→ ACTIVITY
Where an entry holds an image, skip the image but reproduce the rest word for word.

→ DATA TO EXAMINE
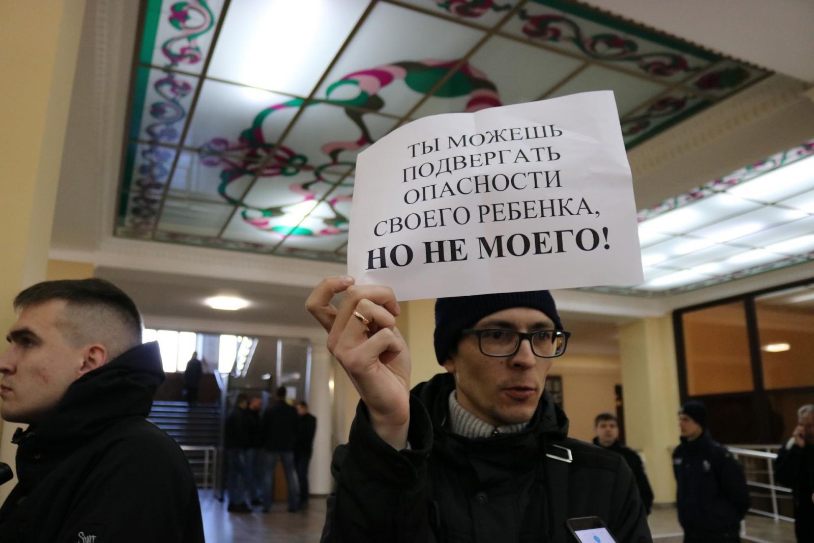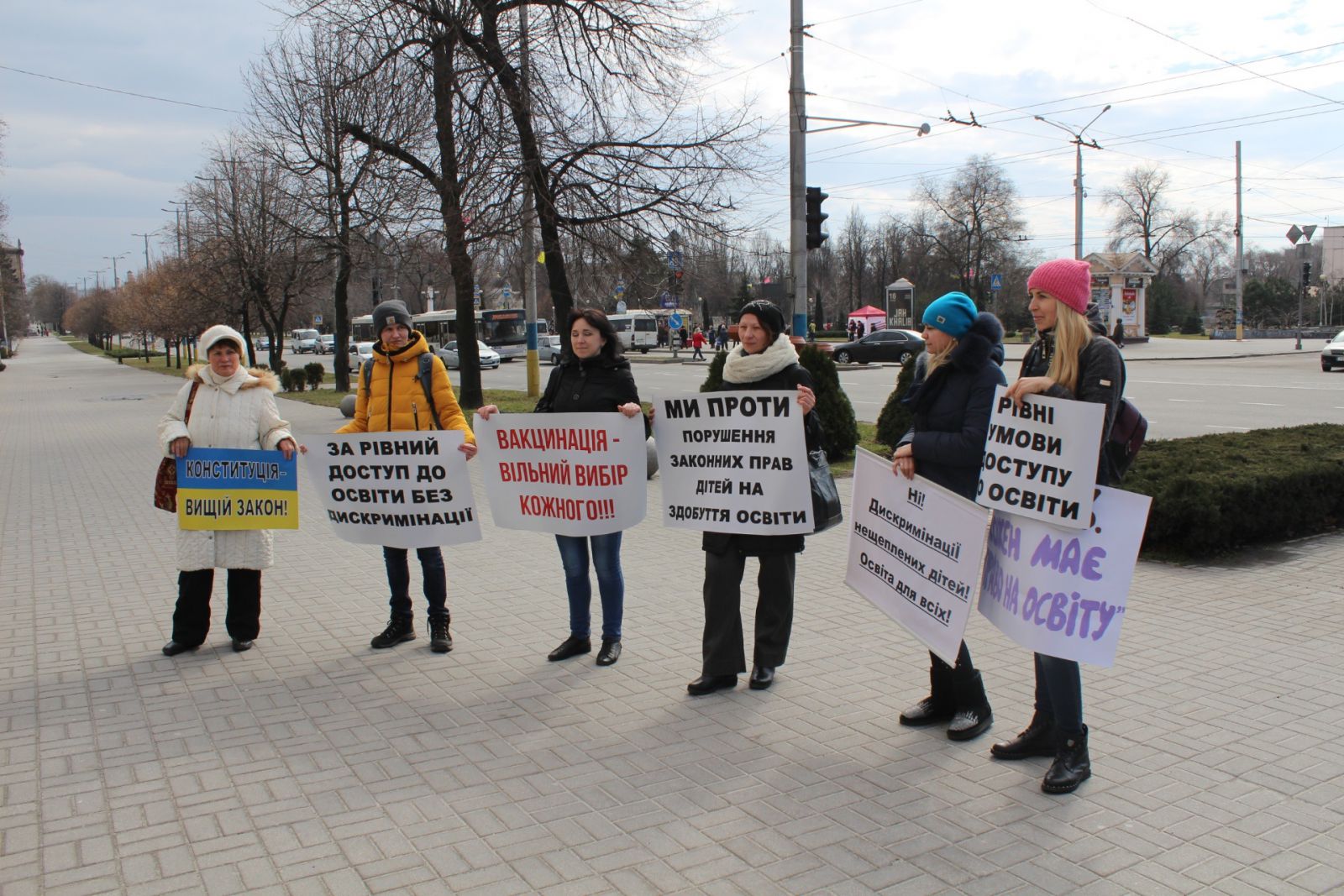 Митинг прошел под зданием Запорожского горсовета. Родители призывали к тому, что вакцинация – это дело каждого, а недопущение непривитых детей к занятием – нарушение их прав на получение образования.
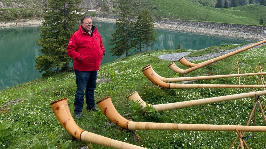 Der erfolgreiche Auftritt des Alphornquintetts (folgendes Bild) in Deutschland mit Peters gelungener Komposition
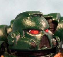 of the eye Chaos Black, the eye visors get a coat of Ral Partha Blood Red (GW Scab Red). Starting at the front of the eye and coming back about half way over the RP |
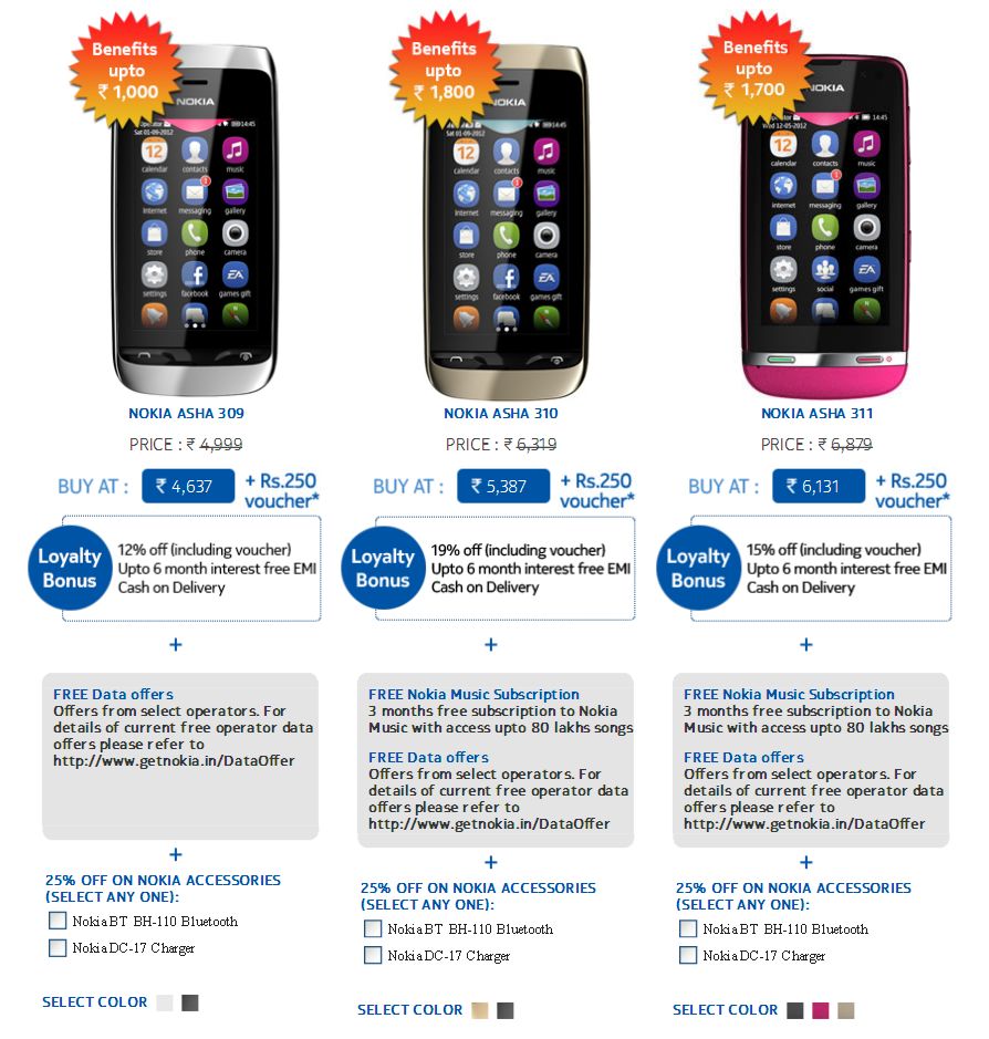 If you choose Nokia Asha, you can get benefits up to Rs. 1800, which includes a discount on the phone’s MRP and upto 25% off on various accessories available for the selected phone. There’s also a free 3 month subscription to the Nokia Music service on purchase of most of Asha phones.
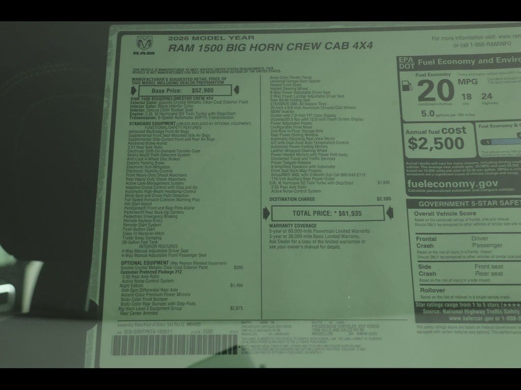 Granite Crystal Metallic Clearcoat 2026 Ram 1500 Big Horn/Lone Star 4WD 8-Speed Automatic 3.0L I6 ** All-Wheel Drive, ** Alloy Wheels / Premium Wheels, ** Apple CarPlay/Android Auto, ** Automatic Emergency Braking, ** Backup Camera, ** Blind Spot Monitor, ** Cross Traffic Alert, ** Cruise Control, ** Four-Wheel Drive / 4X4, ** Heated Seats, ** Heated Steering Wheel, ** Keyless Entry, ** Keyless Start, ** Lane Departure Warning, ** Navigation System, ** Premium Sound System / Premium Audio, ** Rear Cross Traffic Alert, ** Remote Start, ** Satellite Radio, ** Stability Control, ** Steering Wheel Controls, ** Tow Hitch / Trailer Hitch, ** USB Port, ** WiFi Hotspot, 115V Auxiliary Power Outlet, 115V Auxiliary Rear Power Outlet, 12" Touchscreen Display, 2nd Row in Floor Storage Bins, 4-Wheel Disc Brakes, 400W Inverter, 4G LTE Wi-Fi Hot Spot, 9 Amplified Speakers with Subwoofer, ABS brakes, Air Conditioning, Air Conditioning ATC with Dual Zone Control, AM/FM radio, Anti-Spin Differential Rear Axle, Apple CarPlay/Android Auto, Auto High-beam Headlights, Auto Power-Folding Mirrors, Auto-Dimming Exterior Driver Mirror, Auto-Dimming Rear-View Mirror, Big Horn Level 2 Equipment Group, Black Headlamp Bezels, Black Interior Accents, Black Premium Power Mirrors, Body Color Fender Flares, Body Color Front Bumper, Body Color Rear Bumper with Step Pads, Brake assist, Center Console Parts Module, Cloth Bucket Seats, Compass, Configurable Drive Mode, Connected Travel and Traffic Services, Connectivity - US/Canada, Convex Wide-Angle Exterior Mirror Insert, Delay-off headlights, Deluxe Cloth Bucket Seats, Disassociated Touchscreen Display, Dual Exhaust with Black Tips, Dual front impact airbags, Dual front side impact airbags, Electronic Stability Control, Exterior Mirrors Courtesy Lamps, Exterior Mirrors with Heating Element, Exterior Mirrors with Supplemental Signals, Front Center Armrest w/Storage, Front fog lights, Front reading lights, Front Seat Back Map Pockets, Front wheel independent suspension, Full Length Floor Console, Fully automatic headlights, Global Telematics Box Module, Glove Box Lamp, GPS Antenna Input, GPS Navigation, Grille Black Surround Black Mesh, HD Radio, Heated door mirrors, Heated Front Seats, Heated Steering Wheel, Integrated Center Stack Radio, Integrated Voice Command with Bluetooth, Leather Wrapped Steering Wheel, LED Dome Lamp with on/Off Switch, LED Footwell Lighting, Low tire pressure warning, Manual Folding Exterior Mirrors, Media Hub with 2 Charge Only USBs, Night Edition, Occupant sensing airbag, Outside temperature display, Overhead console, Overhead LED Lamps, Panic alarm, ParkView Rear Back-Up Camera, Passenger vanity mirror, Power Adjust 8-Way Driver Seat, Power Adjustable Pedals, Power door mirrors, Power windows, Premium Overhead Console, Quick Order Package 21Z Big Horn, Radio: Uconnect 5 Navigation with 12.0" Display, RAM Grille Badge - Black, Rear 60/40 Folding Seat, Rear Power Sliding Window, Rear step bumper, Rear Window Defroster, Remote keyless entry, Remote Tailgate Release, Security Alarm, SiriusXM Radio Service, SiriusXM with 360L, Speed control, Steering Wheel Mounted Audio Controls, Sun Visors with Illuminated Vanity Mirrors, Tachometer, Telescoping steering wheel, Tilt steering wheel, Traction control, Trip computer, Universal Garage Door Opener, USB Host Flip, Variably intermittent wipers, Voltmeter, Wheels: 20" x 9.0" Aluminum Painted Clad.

→ WRITTEN RESPONSE
 Митинг прошел под зданием Запорожского горсовета. Родители призывали к тому, что вакцинация – это дело каждого, а недопущение непривитых детей к занятием – нарушение их прав на получение образования.
 Der erfolgreiche Auftritt des Alphornquintetts (folgendes Bild) in Deutschland mit Peters gelungener Komposition
 of the eye Chaos Black, the eye visors get a coat of Ral Partha Blood Red (GW Scab Red). Starting at the front of the eye and coming back about half way over the RP |
 If you choose Nokia Asha, you can get benefits up to Rs. 1800, which includes a discount on the phone’s MRP and upto 25% off on various accessories available for the selected phone. There’s also a free 3 month subscription to the Nokia Music service on purchase of most of Asha phones.
 Granite Crystal Metallic Clearcoat 2026 Ram 1500 Big Horn/Lone Star 4WD 8-Speed Automatic 3.0L I6 ** All-Wheel Drive, ** Alloy Wheels / Premium Wheels, ** Apple CarPlay/Android Auto, ** Automatic Emergency Braking, ** Backup Camera, ** Blind Spot Monitor, ** Cross Traffic Alert, ** Cruise Control, ** Four-Wheel Drive / 4X4, ** Heated Seats, ** Heated Steering Wheel, ** Keyless Entry, ** Keyless Start, ** Lane Departure Warning, ** Navigation System, ** Premium Sound System / Premium Audio, ** Rear Cross Traffic Alert, ** Remote Start, ** Satellite Radio, ** Stability Control, ** Steering Wheel Controls, ** Tow Hitch / Trailer Hitch, ** USB Port, ** WiFi Hotspot, 115V Auxiliary Power Outlet, 115V Auxiliary Rear Power Outlet, 12" Touchscreen Display, 2nd Row in Floor Storage Bins, 4-Wheel Disc Brakes, 400W Inverter, 4G LTE Wi-Fi Hot Spot, 9 Amplified Speakers with Subwoofer, ABS brakes, Air Conditioning, Air Conditioning ATC with Dual Zone Control, AM/FM radio, Anti-Spin Differential Rear Axle, Apple CarPlay/Android Auto, Auto High-beam Headlights, Auto Power-Folding Mirrors, Auto-Dimming Exterior Driver Mirror, Auto-Dimming Rear-View Mirror, Big Horn Level 2 Equipment Group, Black Headlamp Bezels, Black Interior Accents, Black Premium Power Mirrors, Body Color Fender Flares, Body Color Front Bumper, Body Color Rear Bumper with Step Pads, Brake assist, Center Console Parts Module, Cloth Bucket Seats, Compass, Configurable Drive Mode, Connected Travel and Traffic Services, Connectivity - US/Canada, Convex Wide-Angle Exterior Mirror Insert, Delay-off headlights, Deluxe Cloth Bucket Seats, Disassociated Touchscreen Display, Dual Exhaust with Black Tips, Dual front impact airbags, Dual front side impact airbags, Electronic Stability Control, Exterior Mirrors Courtesy Lamps, Exterior Mirrors with Heating Element, Exterior Mirrors with Supplemental Signals, Front Center Armrest w/Storage, Front fog lights, Front reading lights, Front Seat Back Map Pockets, Front wheel independent suspension, Full Length Floor Console, Fully automatic headlights, Global Telematics Box Module, Glove Box Lamp, GPS Antenna Input, GPS Navigation, Grille Black Surround Black Mesh, HD Radio, Heated door mirrors, Heated Front Seats, Heated Steering Wheel, Integrated Center Stack Radio, Integrated Voice Command with Bluetooth, Leather Wrapped Steering Wheel, LED Dome Lamp with on/Off Switch, LED Footwell Lighting, Low tire pressure warning, Manual Folding Exterior Mirrors, Media Hub with 2 Charge Only USBs, Night Edition, Occupant sensing airbag, Outside temperature display, Overhead console, Overhead LED Lamps, Panic alarm, ParkView Rear Back-Up Camera, Passenger vanity mirror, Power Adjust 8-Way Driver Seat, Power Adjustable Pedals, Power door mirrors, Power windows, Premium Overhead Console, Quick Order Package 21Z Big Horn, Radio: Uconnect 5 Navigation with 12.0" Display, RAM Grille Badge - Black, Rear 60/40 Folding Seat, Rear Power Sliding Window, Rear step bumper, Rear Window Defroster, Remote keyless entry, Remote Tailgate Release, Security Alarm, SiriusXM Radio Service, SiriusXM with 360L, Speed control, Steering Wheel Mounted Audio Controls, Sun Visors with Illuminated Vanity Mirrors, Tachometer, Telescoping steering wheel, Tilt steering wheel, Traction control, Trip computer, Universal Garage Door Opener, USB Host Flip, Variably intermittent wipers, Voltmeter, Wheels: 20" x 9.0" Aluminum Painted Clad.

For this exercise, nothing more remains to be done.